In Österreich zeigt sich ein noch deutlicherer Fokus auf KI. 44% der heimischen Befragten nennen Künstliche Intelligenz als größtes Geschäftsrisiko für 2026, gefolgt von Cyberangriffen mit 32%. Betriebsunterbrechungen, regulatorische Änderungen und der Klimawandel teilen sich mit jeweils 26% den dritten Platz. Naturkatastrophen fallen im österreichischen Ranking auf Platz 7 zurück und werden nur noch von 21% als zentrales Risiko genannt. Das entspricht einem Rückgang von 22%punkten gegenüber dem Vorjahr.

Daniel Matić, CEO der Allianz in Österreich:

"Das Jahrhunderthochwasser 2024 prägte ganz klar das letztjährige Risk Barometer für Österreich. Da die Lage 2025 etwas gemäßigter war, rückt auch die Gefahr durch Naturkatastrophen wieder in den Hintergrund. Stattdessen wird Künstliche Intelligenz von österreichischen Unternehmen als zunehmendes Risiko empfunden – von Datenabfluss und Manipulation bis zu Haftungs- und Reputationsschäden birgt der Einsatz von KI viele Fallstricke. Wer sich schützen will, braucht klare Governance, sichere Daten- und Zugriffsmodelle sowie laufende Risiko-Checks."
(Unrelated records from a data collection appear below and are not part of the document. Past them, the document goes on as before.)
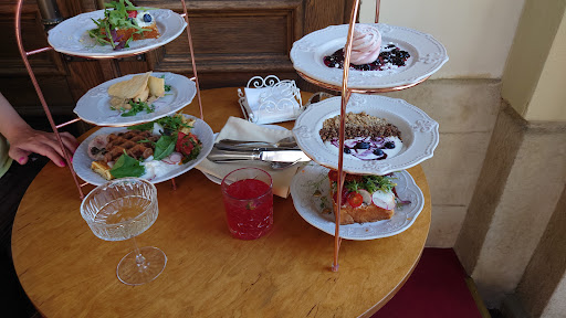This is a beautiful cafe and I had high expectations. I am sad to say that we were quite disappointed though. The service was really slow. Nobody took notice of us when we sat down, I had to go and get the waiter so that we could get menus and order. We had the breakfast menu that it served on a special "afternoon tea stand" that looks really fancy. We got our food 50 minutes after ordering. It was OK but nothing special. Both the salmon and bacon sandwiches were served on a dry toast. Why not use good, fresh bread that I see everywhere in Lviv? The rest of the menu consisted of additional dry bread with some spread. Ordered coffee after our meal and waited 30 minutes to get it. Seriously! This place is really nice and has great potential but the management needs to train their staff, hire more staff or what ever is the problem here. It all looks fancy but does not deliver...
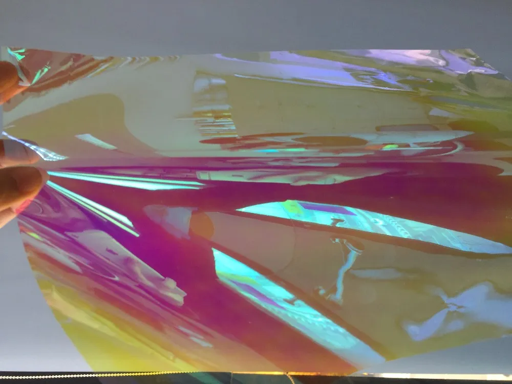 It is a multilayer film, It makes full use of optical interference, under the light, refraction and interference between layers caused multi-angle layer color change between layers. like the rainbow effect in the sky. The rich light effects of the iris film substrate itself have completely different illusion effects when viewing it in different distance and angles.
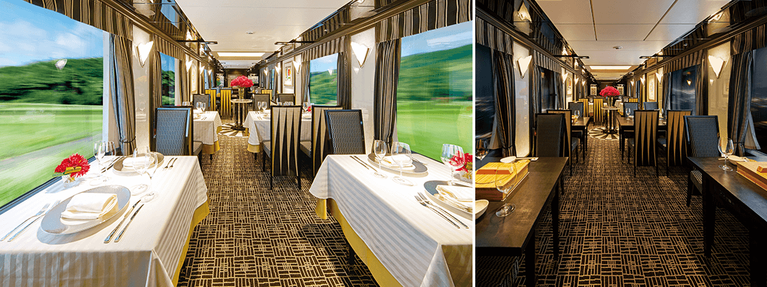 美しい車窓の眺め、一流の食の匠による料理。洗練された車両、

Betriebsunterbrechungen und geopolitische Risiken eng verknüpft

Betriebsunterbrechungen sind 2026 weltweit auf Platz 3 der größten Unternehmensrisiken zurückgefallen, bleiben jedoch eng mit anderen Risiken verknüpft. 29% der Befragten sehen sie als größte Gefahr. Geopolitische Spannungen, Handelskonflikte und protektionistische Maßnahmen setzen globale Lieferketten unter Druck. Nur drei% der Studienteilnehmer schätzen ihre Lieferketten als sehr resilient ein. Handelsbeschränkungen haben sich im vergangenen Jahr verdreifacht und betreffen Waren im Wert von rund 2,7 Billionen US-Dollar, was nahezu 20% der weltweiten Importe entspricht. Politische Risiken und Gewalt steigen im Ranking auf Platz 7 und erreichen damit die höchste Platzierung seit Bestehen des Risk Barometers. Weltweit halten 51% der Befragten eine massive Störung globaler Lieferketten infolge geopolitischer Konflikte für das wahrscheinlichste „Black-Swan“-Szenario der kommenden fünf Jahre.

Das Allianz Risk Barometer 2026 basiert auf den Einschätzungen von 3.338 Risikoexperten aus 97 Ländern und wird zum 15. Mal veröffentlicht.